I don't know a reference, but I have some thoughts. I'm going to tackle this using just homology. I'll ignore gradings in the name of legibility.

There are three kinds of homology in this story: $H(M)$, $H(M,b M)$, and $H(b M)$. The last of these is self-dual; the other two are dual to each other. What I just said is literally true over $Q$, with 'dual to' meaning 'canonically isomorphic to the vector-space dual of'. Over $Z$ of course it's only true in a derived sense. One consequence of the derived statement is that, of the free abelian groups $H(M)/{torsion}$, $H(M,b M)/{torsion}$, and $H(b M)/{torsion}$, the last one is self-dual in the $Hom(-,Z)$ sense while the other two are dual to each other. Another is that the torsion part of $H(b M)$ is self-dual in the $Hom(-,Q/Z)$ sense and the torsion parts of the others are dual to each other in the same sense.

Then there are the other three players: the images of the three maps $H(M)\rightarrow H(M,b M)\rightarrow H(b M)\rightarrow H(M)$. Call them $A$, $B$, and $C$. (Each of the three can also be described as a kernel, or as a cokernel.) Here the rational story is very nice: $A$ is self-dual (more precisely the perfect pairing between $H(M)$ and $H(M, b M)$ when restricted to be a pairing between $H(M)$ and $A$ yields a pairing between $H(M)/ker=A$ and $A$ which is perfect). And $B$ and $C$ are dual to each other (more precisely, in the perfect self-pairing of $H(b M)$ the subspace $B$ is its own orthogonal complement, so that $B$ and $C=H(b M)/B$ are dual).

Over $Z$ things become murkier for $A$, $B$, and $C$. It's true that we get a pairing of $A$ with itself, and that this yields a nondegenerate pairing between the free abelian group $A/{torsion}$ and itself.
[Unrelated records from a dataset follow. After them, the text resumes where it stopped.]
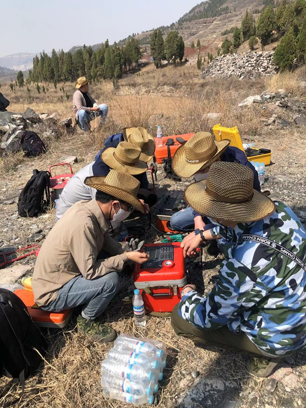 在炎炎夏日下,野外勘探队员的勘探工作非常辛苦。当时野外工作环境极为恶劣,多为山地,海拔落差超过200米,野外最高温达到37℃。队员们在野外施工时,背包里要装着罗盘、皮尺以及重量超过10公斤的物探仪器设备,翻山越岭,早出晚归,风餐露宿。从一座山到另一座山,从一道水到另一道水,仅用了5天时间,踏遍了勘探区的条条沟、道道梁,采集到了大量的野外物探数据。由于甲方要求工期紧,孙文斌带领团队加班加点,高质高效的完成了后期数据处理和成果报告编制,得到了甲方一致认可,为山东高速修建马山隧道提供了安全保障。(南美公司 王 智 提 供)
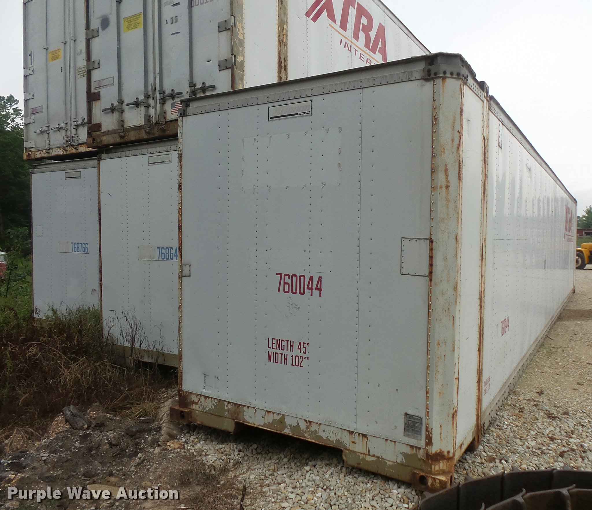 Purple Wave is selling a used Storage or Shipping Container in Missouri. This item is a Storage container with the following: 45'L x 8'W x 9'H, Wood floor, Plywood interior, Dual swing-out rear doors, Lifting eyes
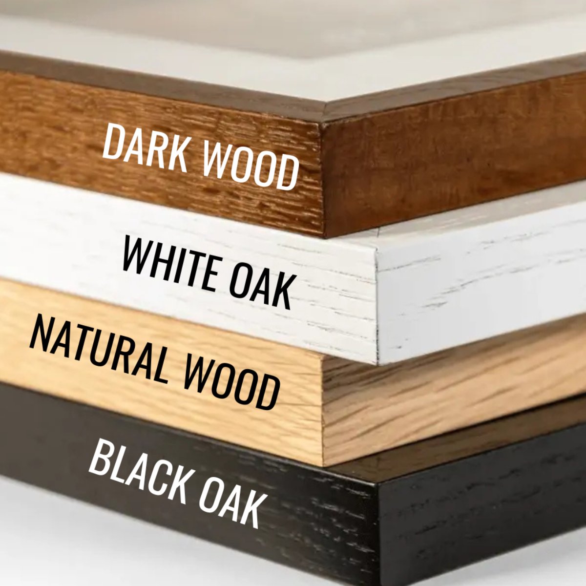 All framed prints are made in-house individually to order. We use slim natural oak profiles (0.55" wide x 0.63" deep) available in three colors: black (with visible wood grain), white (with visible wood grain), dark brown (with visible wood grain), and natural wood.
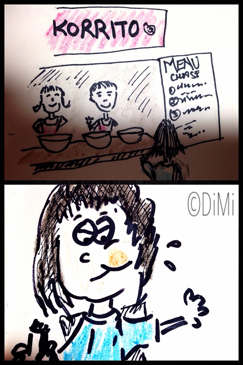 The documentary takes you through Joo’s personal journey and what food means to her, although born in Korea, she moved to the UK when she was three. She found food as a way of staying connected with her homeland. She seeks views from celebrity chefs and food writers about global perspectives on Korean food and journeys to her homeland to discover what makes Korean food so unique. She visits the 100 year old Gwangjang Market in Seoul and discusses adapting tastes to suit different cultural palettes. After hungrily watching the mini documentary, I was glad to be able to stuff my face with an interesting mix of Korean Mexican food – the chicken burrito with Kimchi fried rice at the Korrito food stall. It was delicious and because I was unable to take a selfie of me enjoying the burrito, you will have to make do with this quick sketch I produced! Clearly in the second panel, you can see me chewing my buldak chicken burrito which I hold in one hand whilst stretching my other for some apparent reason!
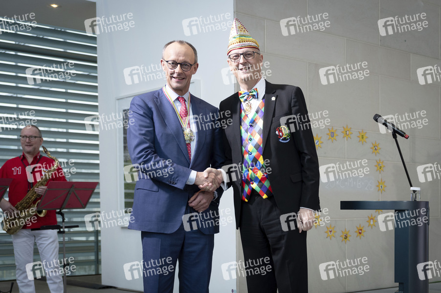 Friedrich Merz und Klaus-Ludwig Fess beim Karnevalsempfang im Bundeskanzleramt. Berlin, 03.02.2026
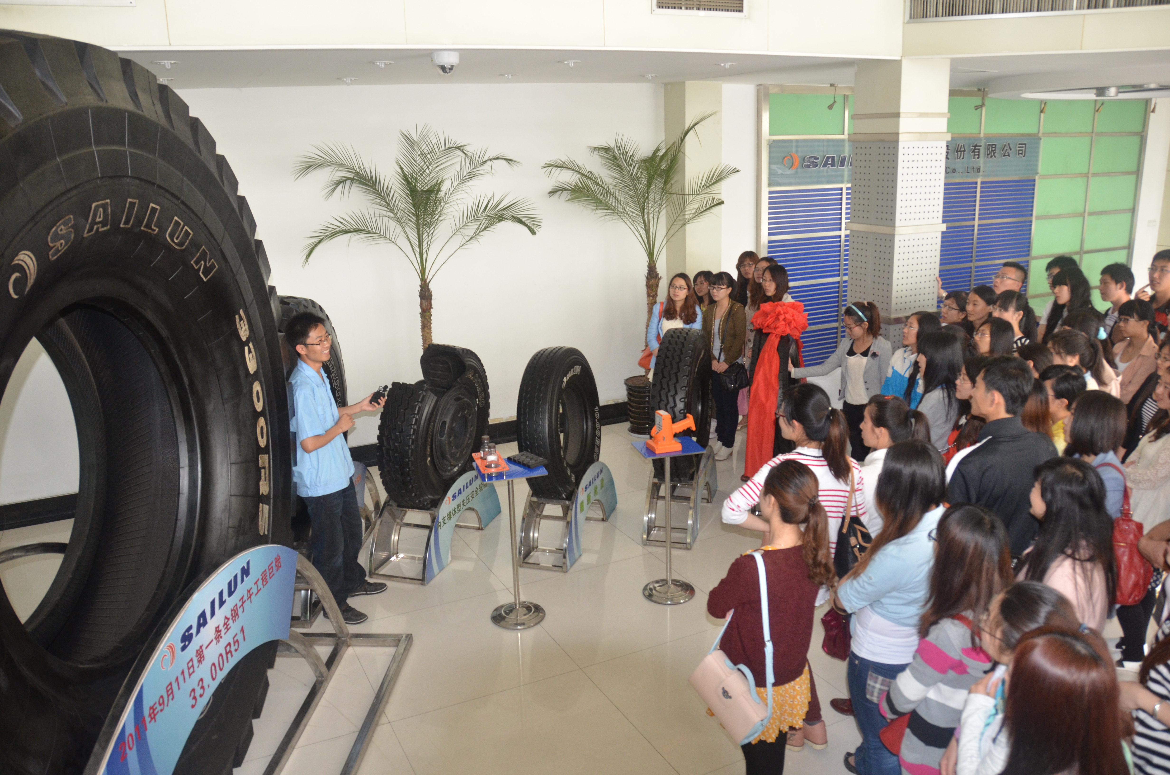 首先赛轮公司办公室主任张兴礼,总经理秘书丁尚为大家介绍了关于我们、生产流程以及公司发展规划等,同时展示了公司的信息化系统管理模式。接着,赛轮公司人力资源与企业管理部赵永刚部长为师生们就赛轮公司的人才理念、当前老员工就业形势以及毕业生求职建议等方面作了精彩演讲。最后,师生们在工作人员的带领下参观了赛轮公司轮胎生产车间,了解了整个轮胎的生产过程。

But it's not perfect; it just injects $A$ into $Hom(A,Z)$. The same goes for pairing $B/{tors}$ with $C/{tors}$. And as for pairings of the torsion parts into $Q/Z$, the images just don't seem to behave well in general.

Update in response to Greg's update to the question: I think the following is basically what you're saying, but it can be said just algebraically and has nothing to do with choosing a splitting (i. e. identifying a quotient of $H(M)/tors$ with a subgroup). The sequence of free abelian groups $H(M)/tors\to H(M,bM)/tors\to H(bM)/tors$ is not exact. The image of $H(M)/tors\to H(M,bM)/tors$, which is the same as my $A/tors$, is not a summand in general; the kernel of $H(M,bM)/tors\to H(bM)/tors$ is a summand and consists of all elements such that some multiple is in $A/tors$; call this $A'$. So $A'$ contains $A/tors$ with finite index. And we get a perfect Z-pairing between $A/tors$ and $A'$. Likewise we get $B'$ and $C'$ containing $B/tors$ and $C/tors$ with finite index, and Z-dual to $C/tors$ and $B/tors$. I don't know what to say about all of this in relation to pairings into $Q/Z$.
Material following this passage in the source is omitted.